**Problem description**
Each line of the material should be set down exactly. Pictures are not part of the copy.

**Available data**
+ + + + + + +

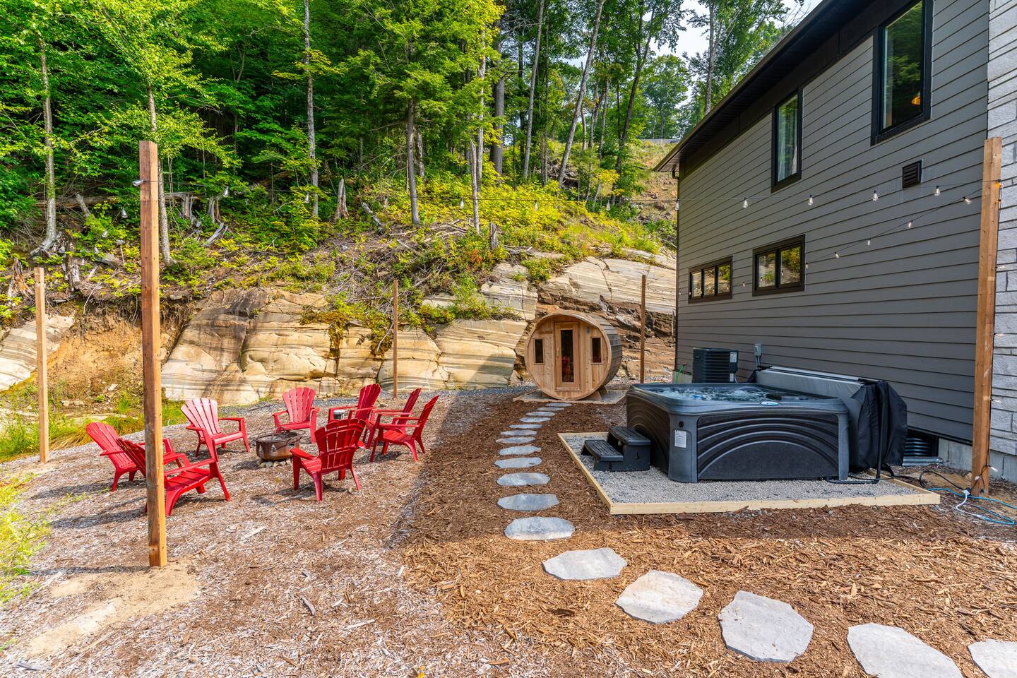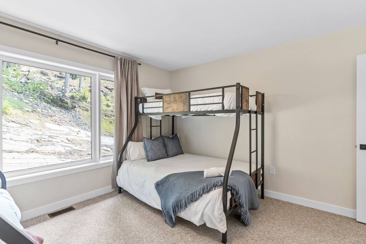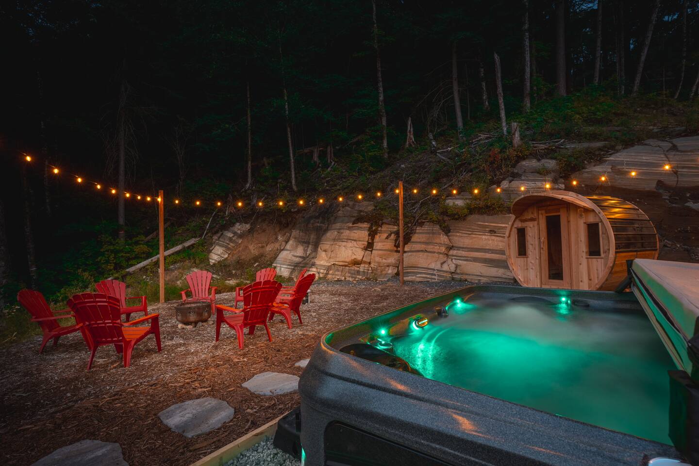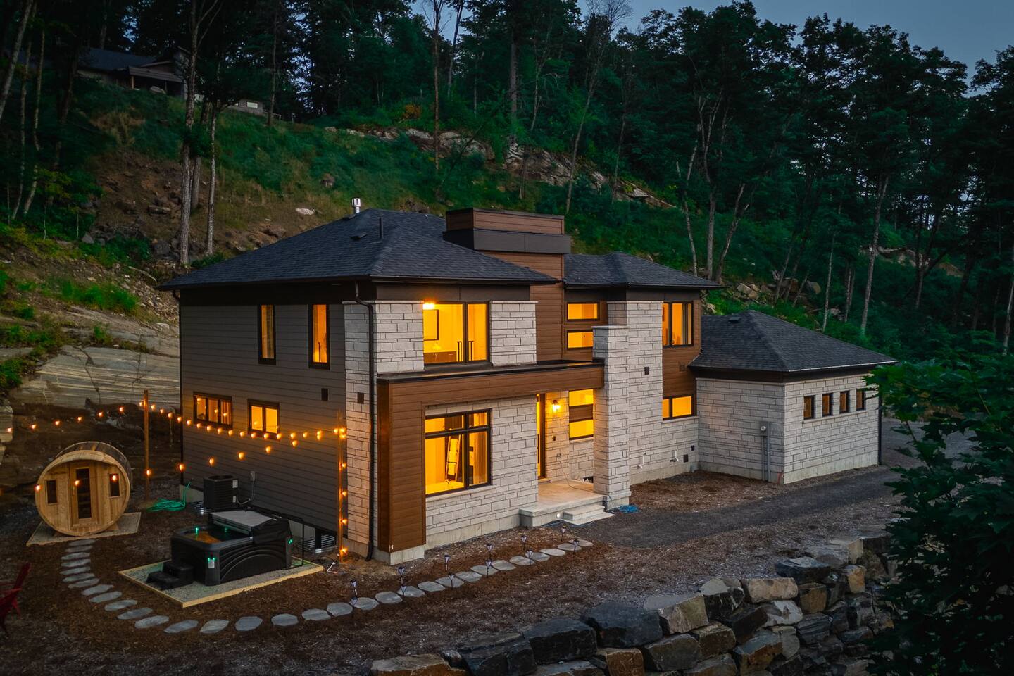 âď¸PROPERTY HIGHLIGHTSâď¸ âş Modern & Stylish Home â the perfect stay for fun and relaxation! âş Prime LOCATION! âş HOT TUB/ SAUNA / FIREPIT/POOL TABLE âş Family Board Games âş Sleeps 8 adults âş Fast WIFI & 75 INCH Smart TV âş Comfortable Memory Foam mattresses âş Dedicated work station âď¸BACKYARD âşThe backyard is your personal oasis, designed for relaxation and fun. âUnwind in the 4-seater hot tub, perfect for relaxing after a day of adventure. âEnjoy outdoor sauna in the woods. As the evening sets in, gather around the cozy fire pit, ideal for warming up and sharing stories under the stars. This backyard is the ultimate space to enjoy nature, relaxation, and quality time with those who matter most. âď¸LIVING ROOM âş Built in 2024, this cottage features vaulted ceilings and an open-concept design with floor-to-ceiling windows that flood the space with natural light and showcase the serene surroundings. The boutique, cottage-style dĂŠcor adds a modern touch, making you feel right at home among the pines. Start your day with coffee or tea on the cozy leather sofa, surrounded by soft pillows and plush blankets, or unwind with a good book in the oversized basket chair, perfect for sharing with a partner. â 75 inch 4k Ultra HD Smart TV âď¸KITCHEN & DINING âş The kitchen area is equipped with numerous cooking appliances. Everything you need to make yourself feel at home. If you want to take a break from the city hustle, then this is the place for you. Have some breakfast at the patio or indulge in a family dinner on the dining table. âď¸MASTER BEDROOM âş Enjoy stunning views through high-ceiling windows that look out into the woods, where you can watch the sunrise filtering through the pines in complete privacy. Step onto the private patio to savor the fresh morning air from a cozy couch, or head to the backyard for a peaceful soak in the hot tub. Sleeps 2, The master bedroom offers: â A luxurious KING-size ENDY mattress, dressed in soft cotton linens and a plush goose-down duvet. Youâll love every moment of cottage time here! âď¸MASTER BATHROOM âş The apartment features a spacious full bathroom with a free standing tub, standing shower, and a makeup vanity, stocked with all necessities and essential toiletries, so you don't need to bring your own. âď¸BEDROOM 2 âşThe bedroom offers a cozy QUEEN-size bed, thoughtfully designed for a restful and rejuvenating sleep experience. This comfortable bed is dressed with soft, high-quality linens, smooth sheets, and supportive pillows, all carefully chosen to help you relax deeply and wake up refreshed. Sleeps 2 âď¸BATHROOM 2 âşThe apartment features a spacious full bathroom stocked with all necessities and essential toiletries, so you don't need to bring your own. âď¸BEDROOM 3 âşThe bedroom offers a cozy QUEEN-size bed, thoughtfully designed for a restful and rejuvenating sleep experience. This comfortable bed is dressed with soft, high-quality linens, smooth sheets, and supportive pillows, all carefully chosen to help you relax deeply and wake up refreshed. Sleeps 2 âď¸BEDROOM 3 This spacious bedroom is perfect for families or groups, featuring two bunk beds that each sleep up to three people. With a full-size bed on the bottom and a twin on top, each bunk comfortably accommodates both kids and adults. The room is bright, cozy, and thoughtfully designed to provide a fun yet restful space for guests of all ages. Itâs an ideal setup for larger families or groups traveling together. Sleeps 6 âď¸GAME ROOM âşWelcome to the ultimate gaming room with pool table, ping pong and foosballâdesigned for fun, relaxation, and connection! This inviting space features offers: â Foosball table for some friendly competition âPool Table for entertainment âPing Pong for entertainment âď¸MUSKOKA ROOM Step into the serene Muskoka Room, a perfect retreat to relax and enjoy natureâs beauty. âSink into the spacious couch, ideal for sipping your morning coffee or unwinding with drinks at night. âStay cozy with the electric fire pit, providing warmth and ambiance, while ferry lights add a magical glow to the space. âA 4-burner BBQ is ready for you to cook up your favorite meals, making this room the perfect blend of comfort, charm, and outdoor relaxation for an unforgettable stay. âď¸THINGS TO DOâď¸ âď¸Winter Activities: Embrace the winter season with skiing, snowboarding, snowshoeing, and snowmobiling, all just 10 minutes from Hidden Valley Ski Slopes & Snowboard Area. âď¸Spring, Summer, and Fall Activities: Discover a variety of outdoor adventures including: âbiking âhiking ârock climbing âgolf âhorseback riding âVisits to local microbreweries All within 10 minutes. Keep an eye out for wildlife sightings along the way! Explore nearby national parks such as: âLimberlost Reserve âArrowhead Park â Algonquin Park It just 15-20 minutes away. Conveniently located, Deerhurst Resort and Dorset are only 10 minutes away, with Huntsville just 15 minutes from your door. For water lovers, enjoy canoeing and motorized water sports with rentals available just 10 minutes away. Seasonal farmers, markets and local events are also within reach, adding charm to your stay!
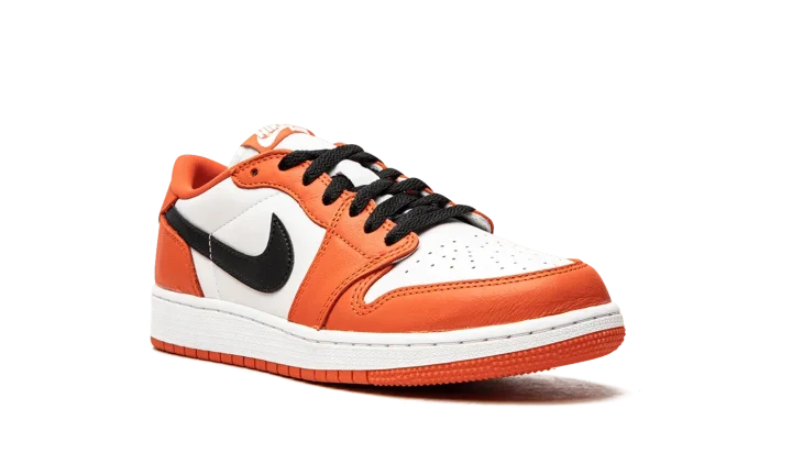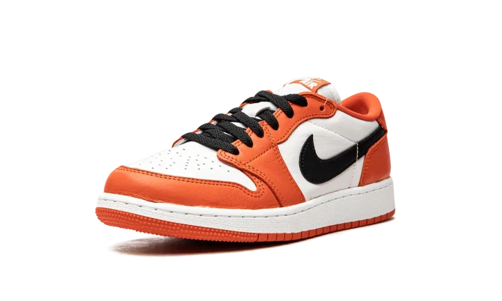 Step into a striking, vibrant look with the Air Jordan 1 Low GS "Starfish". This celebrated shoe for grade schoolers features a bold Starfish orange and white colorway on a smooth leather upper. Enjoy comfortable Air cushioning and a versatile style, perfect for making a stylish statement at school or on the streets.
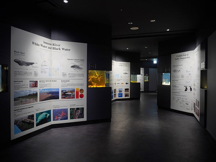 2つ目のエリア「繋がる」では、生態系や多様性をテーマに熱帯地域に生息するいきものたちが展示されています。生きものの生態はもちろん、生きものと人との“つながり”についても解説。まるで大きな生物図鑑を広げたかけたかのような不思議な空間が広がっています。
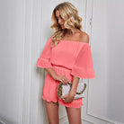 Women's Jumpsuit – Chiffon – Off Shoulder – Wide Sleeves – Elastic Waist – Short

+ + + + + + +

**Solution to this task**
 âď¸PROPERTY HIGHLIGHTSâď¸ âş Modern & Stylish Home â the perfect stay for fun and relaxation! âş Prime LOCATION! âş HOT TUB/ SAUNA / FIREPIT/POOL TABLE âş Family Board Games âş Sleeps 8 adults âş Fast WIFI & 75 INCH Smart TV âş Comfortable Memory Foam mattresses âş Dedicated work station âď¸BACKYARD âşThe backyard is your personal oasis, designed for relaxation and fun. âUnwind in the 4-seater hot tub, perfect for relaxing after a day of adventure. âEnjoy outdoor sauna in the woods. As the evening sets in, gather around the cozy fire pit, ideal for warming up and sharing stories under the stars. This backyard is the ultimate space to enjoy nature, relaxation, and quality time with those who matter most. âď¸LIVING ROOM âş Built in 2024, this cottage features vaulted ceilings and an open-concept design with floor-to-ceiling windows that flood the space with natural light and showcase the serene surroundings. The boutique, cottage-style dĂŠcor adds a modern touch, making you feel right at home among the pines. Start your day with coffee or tea on the cozy leather sofa, surrounded by soft pillows and plush blankets, or unwind with a good book in the oversized basket chair, perfect for sharing with a partner. â 75 inch 4k Ultra HD Smart TV âď¸KITCHEN & DINING âş The kitchen area is equipped with numerous cooking appliances. Everything you need to make yourself feel at home. If you want to take a break from the city hustle, then this is the place for you. Have some breakfast at the patio or indulge in a family dinner on the dining table. âď¸MASTER BEDROOM âş Enjoy stunning views through high-ceiling windows that look out into the woods, where you can watch the sunrise filtering through the pines in complete privacy. Step onto the private patio to savor the fresh morning air from a cozy couch, or head to the backyard for a peaceful soak in the hot tub. Sleeps 2, The master bedroom offers: â A luxurious KING-size ENDY mattress, dressed in soft cotton linens and a plush goose-down duvet. Youâll love every moment of cottage time here! âď¸MASTER BATHROOM âş The apartment features a spacious full bathroom with a free standing tub, standing shower, and a makeup vanity, stocked with all necessities and essential toiletries, so you don't need to bring your own. âď¸BEDROOM 2 âşThe bedroom offers a cozy QUEEN-size bed, thoughtfully designed for a restful and rejuvenating sleep experience. This comfortable bed is dressed with soft, high-quality linens, smooth sheets, and supportive pillows, all carefully chosen to help you relax deeply and wake up refreshed. Sleeps 2 âď¸BATHROOM 2 âşThe apartment features a spacious full bathroom stocked with all necessities and essential toiletries, so you don't need to bring your own. âď¸BEDROOM 3 âşThe bedroom offers a cozy QUEEN-size bed, thoughtfully designed for a restful and rejuvenating sleep experience. This comfortable bed is dressed with soft, high-quality linens, smooth sheets, and supportive pillows, all carefully chosen to help you relax deeply and wake up refreshed. Sleeps 2 âď¸BEDROOM 3 This spacious bedroom is perfect for families or groups, featuring two bunk beds that each sleep up to three people. With a full-size bed on the bottom and a twin on top, each bunk comfortably accommodates both kids and adults. The room is bright, cozy, and thoughtfully designed to provide a fun yet restful space for guests of all ages. Itâs an ideal setup for larger families or groups traveling together. Sleeps 6 âď¸GAME ROOM âşWelcome to the ultimate gaming room with pool table, ping pong and foosballâdesigned for fun, relaxation, and connection! This inviting space features offers: â Foosball table for some friendly competition âPool Table for entertainment âPing Pong for entertainment âď¸MUSKOKA ROOM Step into the serene Muskoka Room, a perfect retreat to relax and enjoy natureâs beauty. âSink into the spacious couch, ideal for sipping your morning coffee or unwinding with drinks at night. âStay cozy with the electric fire pit, providing warmth and ambiance, while ferry lights add a magical glow to the space. âA 4-burner BBQ is ready for you to cook up your favorite meals, making this room the perfect blend of comfort, charm, and outdoor relaxation for an unforgettable stay. âď¸THINGS TO DOâď¸ âď¸Winter Activities: Embrace the winter season with skiing, snowboarding, snowshoeing, and snowmobiling, all just 10 minutes from Hidden Valley Ski Slopes & Snowboard Area. âď¸Spring, Summer, and Fall Activities: Discover a variety of outdoor adventures including: âbiking âhiking ârock climbing âgolf âhorseback riding âVisits to local microbreweries All within 10 minutes. Keep an eye out for wildlife sightings along the way! Explore nearby national parks such as: âLimberlost Reserve âArrowhead Park â Algonquin Park It just 15-20 minutes away. Conveniently located, Deerhurst Resort and Dorset are only 10 minutes away, with Huntsville just 15 minutes from your door. For water lovers, enjoy canoeing and motorized water sports with rentals available just 10 minutes away. Seasonal farmers, markets and local events are also within reach, adding charm to your stay!
 Step into a striking, vibrant look with the Air Jordan 1 Low GS "Starfish". This celebrated shoe for grade schoolers features a bold Starfish orange and white colorway on a smooth leather upper. Enjoy comfortable Air cushioning and a versatile style, perfect for making a stylish statement at school or on the streets.
 2つ目のエリア「繋がる」では、生態系や多様性をテーマに熱帯地域に生息するいきものたちが展示されています。生きものの生態はもちろん、生きものと人との“つながり”についても解説。まるで大きな生物図鑑を広げたかけたかのような不思議な空間が広がっています。
 Women's Jumpsuit – Chiffon – Off Shoulder – Wide Sleeves – Elastic Waist – Short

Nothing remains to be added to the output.